Why Your Analytics Will Fail in 6 Months: 3 Ways to Build E-commerce Analytics

Krzysiek Modrzewski
11/25/2025

Why Will Your Analytics Stop Working in 6 Months?

The story of every e-commerce business starts innocently. In the beginning, there is one online store. An order panel in a system like Magento, Shoper, or Idosell is enough for you. Everything is clear – you have access to basic information about revenue, customers, and products.

But then you start to grow.

You connect Google Analytics 4 to understand user behavior. You launch campaigns in Google Ads, Meta Ads, TikTok Ads, and Criteo to drive traffic. You enter Allegro (Marketplace) to increase reach. You start cooperating with price comparison engines (Ceneo) and affiliate networks.

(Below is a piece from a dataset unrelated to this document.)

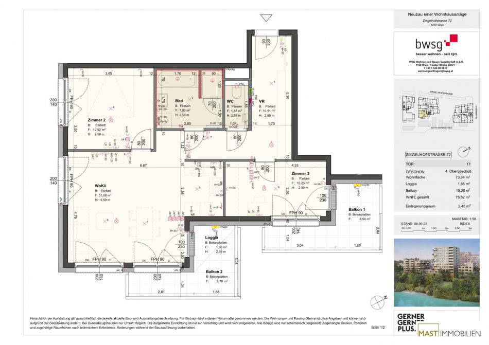 Hier wohnen Sie mit bester Lebensqualität – sofort beziehbar und zukunftssicher!Details Wohnung Ziegelhofstraße 72 Top 17:

Finally, you make the decision: "We are entering foreign markets." You open sales in the Czech Republic, Germany, or Romania.

And at this moment, the scale of the problem explodes. You now have separate ad accounts for each country, reports in different currencies (PLN, EUR, CZK, RON), and separate product feeds. You wake up in a world where data is in thirty different places. The Facebook panel shows different conversions than GA4, the store's CRM doesn't see costs from Romania, and calculating margins takes two days in Excel.

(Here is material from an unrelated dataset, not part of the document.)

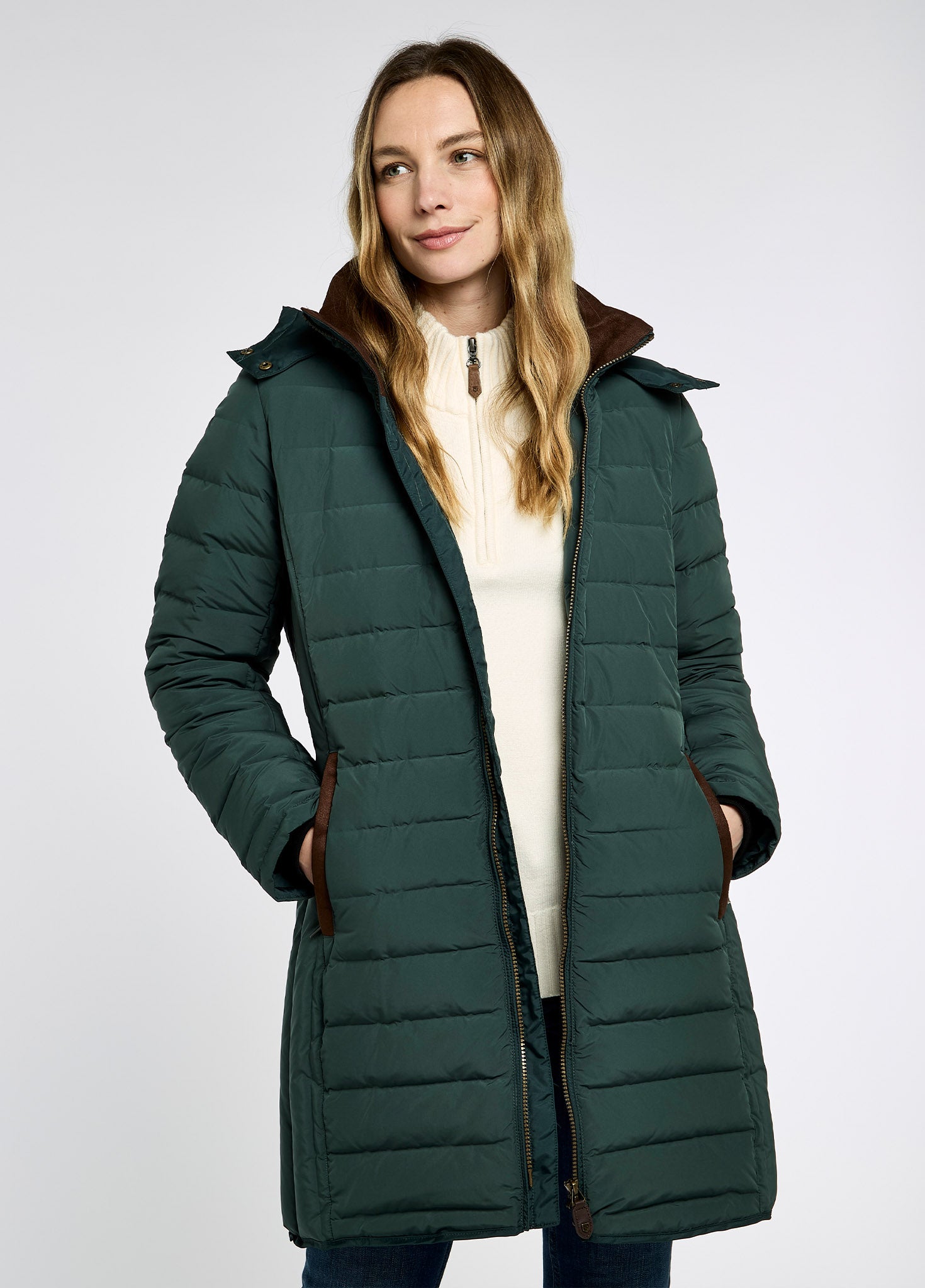 Hunker down in the Ballybrophy three-quarter length coat for serious seasonal warmth. Filled with ethically sourced 90% down and 10% feather, it has a handwarmer pockets, a detachable hood and a full-length two-way zip, making a snuggly, winter weather beater ideal for weekend errands and walks with the dog. Match with some Dubarry country boots for head-to-toe toastiness.

Instead of clarity, you have chaos.

You then face a choice: how to "build a home" for your data to get it under control? In the world of analytics, you have three paths. Two of them are traps that look tempting at the start but collapse like a house of cards when your company begins to scale.

Here is a story about analytical maturity – based on the old fable of the three little pigs, but with a very modern (and painful) moral.

Path 1: The "Black Box" Trap (The House of Straw)

The first path is chosen by pragmatists who want results "right now." You choose ready-made, closed reporting systems (so-called black boxes).

  • What does it look like? You connect an account, pay a subscription, and see nice charts. It is fast and painless.
  • Where is the problem? This solution works until you ask a difficult question. You see metrics (e.g., ROAS), but you have no idea how they were calculated. You do not have access to the raw data underlying that result.

What happens when Growing Requirements (The Wolf) come?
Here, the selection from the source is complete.